Cadmium occurs naturally in zinc, lead and copper ores, in coal and other fossil fuels, shales and is released during volcanic action. These deposits can serve as sources to ground and surface waters, especially when in contact with soft, acidic waters.

Major industrial releases of cadmium are due to wastestreams and leaching of landfills, and from a variety of operations that involve cadmium or zinc. These may include: during the smelting and refining of zinc, lead and copper bearing ores; during recovery of metal by processing scrap; during melting and pouring of cadmium metal; during casting of various cadmium alloy products used for coating telephone cables, trolley wires, welding, electrodes, automatic sprinkling systems, steam boilers, fire alarms, high pressure/temperature bearings, starting switches, aircraft relays, light duty circuit breakers, low temperature solder, and jewelry; during fabrication of metal, alloys, or plated steel; during casting and use of solders; during melting of cadmium ingots for paint and pigment manufacture used for coloring of plastics and ceramic glazes, electroplating, and in chemical synthesis; during coating of metals by hot dipping or spraying; during manufacture of nickel-cadmium batteries for use in radio portable telephones, convenience appliances, and vented cells used in airplanes, helicopters, and stand-by power and lighting. The remaining cadmium emissions are from fossil fuel combustion, fertilizer application, and sewage sludge disposal.

Cadmium also occurs as a by-product of corrosion of some galvanized plumbing and distribution system materials.

From 1987 to 1993, according to EPA's Toxic Chemical Release Inventory, cadmium releases were primarily from zinc, lead and copper smelting and refining industries, with the largest releases occurring in Arizona and Utah.

Environmental Fate

The oxide and sulfide are relatively insoluble while the chloride and sulfate salts are soluble. The adsorption of cadmium onto soils and silicon or aluminum oxides is strongly pH-dependent, increasing as conditions become more alkaline. When the pH is below 6-7, cadmium is desorbed from these materials. Cadmium has considerably less affinity for the absorbents tested than do copper, zinc, and lead and might be expected to be more mobile in the environment than these materials.

Studies have indicated that cadmium concentrations in bed sediments are generally at least an order of magnitude higher than in overlying water. A study of Ottawa River sediments found that sediment composed mainly of well sorted sand may be an efficient sink for heavy metals if there is a significant amount of organic material added to the sediments by the commercial activities such as logging. Both sorption and desorption were controlled by the nature of total heavy metal loading, the sediment type, and the surface water characteristics.
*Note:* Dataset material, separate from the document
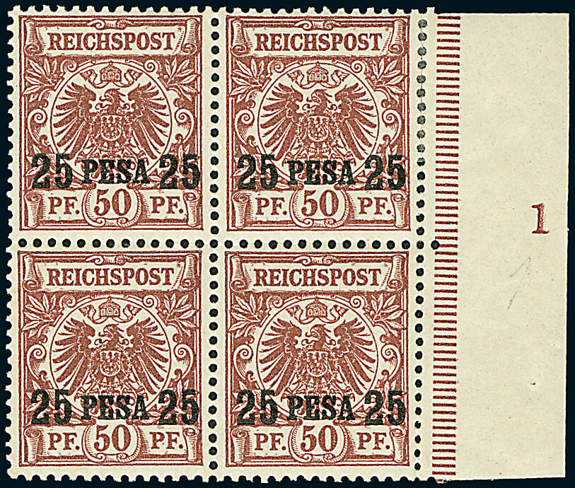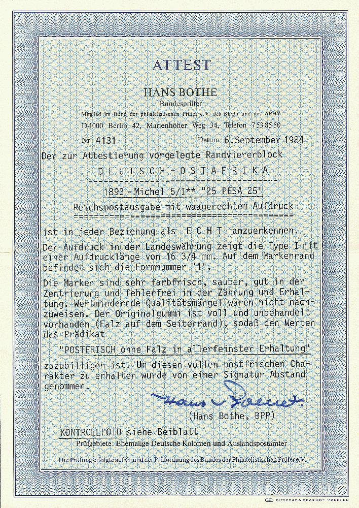 | Zusatzinformationen und Suchstichworte: | Dr. Derichs 170. Auktion 3. Juni 2023 Los 537 ● Deutsche Kolonien Ostafrika 25 Pesa auf 50 Pfg. lebhaftrötlichbraun, Aufdrucktype "I", Viererblock vom rechten Bogenrand (dort Formnummer "1"), drei Marken postfrisch und eine mit Falzrest. Mit der Formnummer sehr selten. Im Bogenrand geprüft Bothe BPP, die Marken selbst sind unsigniert, Fotoattest Bothe BPP und Fotoattest Steuer BPP. (Michel 600.-+, das ist der Preis für lose Marken ohne Aufschlag für die Formnummer.). Zuschlag 320,00 EUR |

Addition of anions, such as humate, tartrate, to dissolved cadmium caused an increase in adsorption. The mode by which cadmium is sorbed to the sediments is important in determining its disposition toward remobilization.

Cadmium found in association with carbonate minerals, precipitated as stable solid compounds, or co-precipitated with hydrous iron oxides would be less likely to be mobilized by resuspension of sediments or biological activity. Cadmium absorbed to mineral surfaces (eg clay) or organic materials would be more easily bioaccumulated or released in the dissolved state when sediments are disturbed, such as during flooding.
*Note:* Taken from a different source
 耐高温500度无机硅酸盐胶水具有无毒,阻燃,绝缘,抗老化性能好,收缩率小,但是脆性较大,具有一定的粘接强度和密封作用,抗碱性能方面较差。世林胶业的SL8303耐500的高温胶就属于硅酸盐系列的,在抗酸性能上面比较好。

Cadmium is not known to form volatile compounds in the aquatic environment.

Bioconcentration of cadmium sulfate, nitrate and chloride has been studied in a wide variety of aquatic organisms, and can be quite high in some species, low in others. For example, rainbow trout have a BCF of 33 while a BCF of 2213 was measured in the mosquito fish. Similarly, different species of clams have BCFs ranging from 160 to 3770.

Chemical/Physical Properties

CAS Number: 7440-43-9 (metal)

Color/ Form/Odor: Cadmium is a lustrous silvery metallic element found only in combined forms in nature.

Soil sorption coefficient: Koc = N/A; mobility higher than other metals

Bioconcentration Factor: Fish: 33 to 2213; Shell fish: 5 to 2500; Other invertebrates: 164 to 4190; Plants: 603 to 960.

Common Ores: sulfide- greenockite; carbonate- octavite; others: hawleyite. Also found in zinc, copper, lead ores.

Solubilities (water):

acetate- very soluble
bromide- 570 g/L at 10 deg C
carbonate- insoluble
chloride- 1400 g/L at 20 deg C
fluoroborate- very soluble
mercury sulfide- N/A
nitrate- 1090 g/L at 0 deg C
oxide- insoluble
sulfate- 755 g/L at 0 deg C
sulfide- insoluble
stearate- N/A

Other Regulatory Information

Monitoring:

-- For Ground Water Sources:

Initial Frequency-1 sample once every 3 years

Repeat Frequency-If no detections for 3 rounds, once every 9 years

-- For Surface Water Sources:

Initial Frequency-1 sample annually

Repeat Frequency-If no detections for 3 rounds, once every 9 years

-- Triggers - If detect at > 0.005 mg/L, sample quarterly.

Analysis

Treatment/Best Available Technologies: Coagulation/Filtration, Ion Exchange, Lime Softening, Reverse Osmosis

Toxic Release Inventory - Releases to Water and Land, 1987 to 1993 (in pounds):

* State/Industry totals only include facilities with releases greater than a certain amount - usually 1000 to 10,000 lbs.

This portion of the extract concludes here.